Without letting go, without stopping, Ron turned the knob and as the door swung open, they stumbled in breaking the kiss for the second time. They stared at each other, searching for answers in the other's eyes as their chests rhythmically expanded and contracted. Were they really going to do this again?
"Hermione" he started breathlessly, she shook her head as if to say, not now, not now.
"No." he said more boldly this time, "I don't want this to be like last time." She looked hurt and frustrated. Why was he stopping this? Why couldn't they shut off, shut out?
"Ron, don't do this. We don't need to do this!"
"Yes we do!" he was screaming now, letting all the frustration of years of fighting drain out of him. "Hermione," he started again, his voice striving to sound more controlled, more together, "We never talked about the last time, I need this; I need to know. Hermione, please" he begged as she shifted her eyes down, folding her arms tightly against her chest. "Please, I love-"

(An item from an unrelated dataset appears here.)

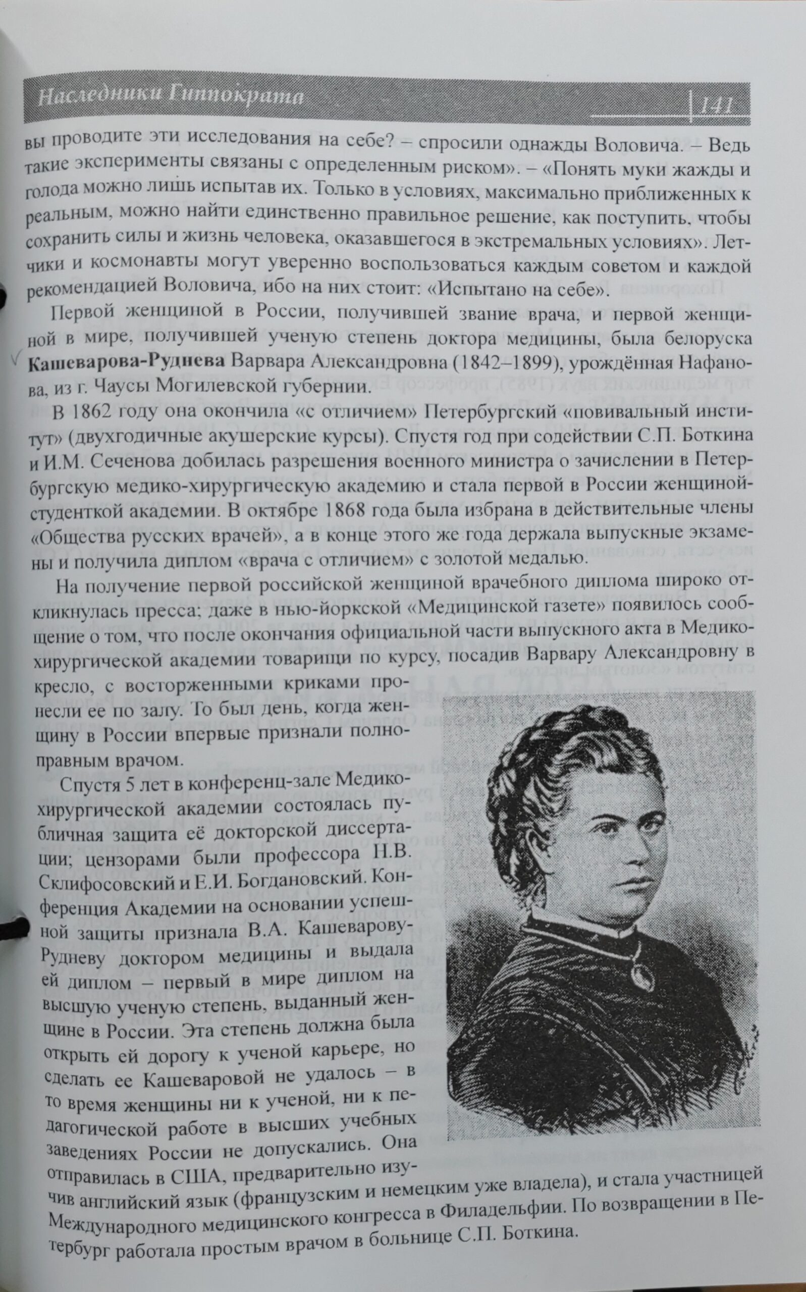 Русский ученый, первая женщина, получившая в России звание врача и степень доктора медицины.

"No!" she shot "No, don't say it, Ron, don't do this to me. We can't be in love, you're leaving, I'm leaving. And what? Are we supposed to pretend that all that happened didn't? That people didn't die before us, that the wizarding world isn't in shambles? Can't we just have this, you and me, without worry, without love or commitment?"
Ron's heart sunk, she didn't want him, she didn't want any of him, or at least, not all of him.
"OK" he said because if he could only have the tiniest bit of Hermione it was better than nothing.